State park in Oregon, United States

Wolf Creek Inn State Heritage Site is a state park in the U.S. state of Oregon, administered by the Oregon Parks and Recreation Department.

==History==
The Wolf Creek Inn was built along the Applegate Trail in 1883 for Henry Smith, a local entrepreneur. It is the oldest continuously operating inn in the Pacific Northwest, and is the site where author Jack London completed his novel Valley of the Moon. The inn also housed actors from the early days of Hollywood when they wanted to escape from the film studios.

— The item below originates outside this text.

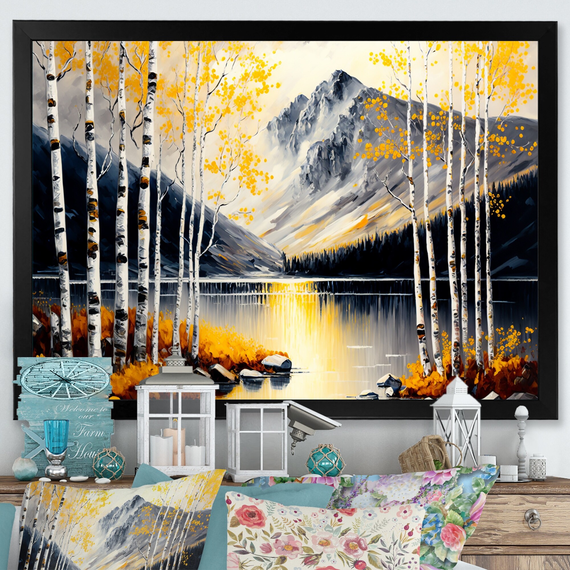 Designart "Monochrome Golden Birch Trees By the Lake II" Landscape Framed Art Print

Celebrities Clark Gable, Carole Lombard, and Orson Welles stayed at the inn.

==Today==
It was added to the National Register of Historic Places as Wolf Creek Tavern in 1972. The inn was acquired by the Oregon Parks and Recreation Department in 1975. The tavern/restaurant and inn are still in operation.

==In the media==
===On television===
In 2014, the Wolf Creek Inn was featured on the TV series Mysteries at the Hotel (broadcast as Hotel Secrets & Legends) as a haunted location. The Wolf Creek Inn was also featured as a lockdown location on a season 15 episode of Ghost Adventures on the Travel Channel, where the crew investigated its many claims of paranormal activity.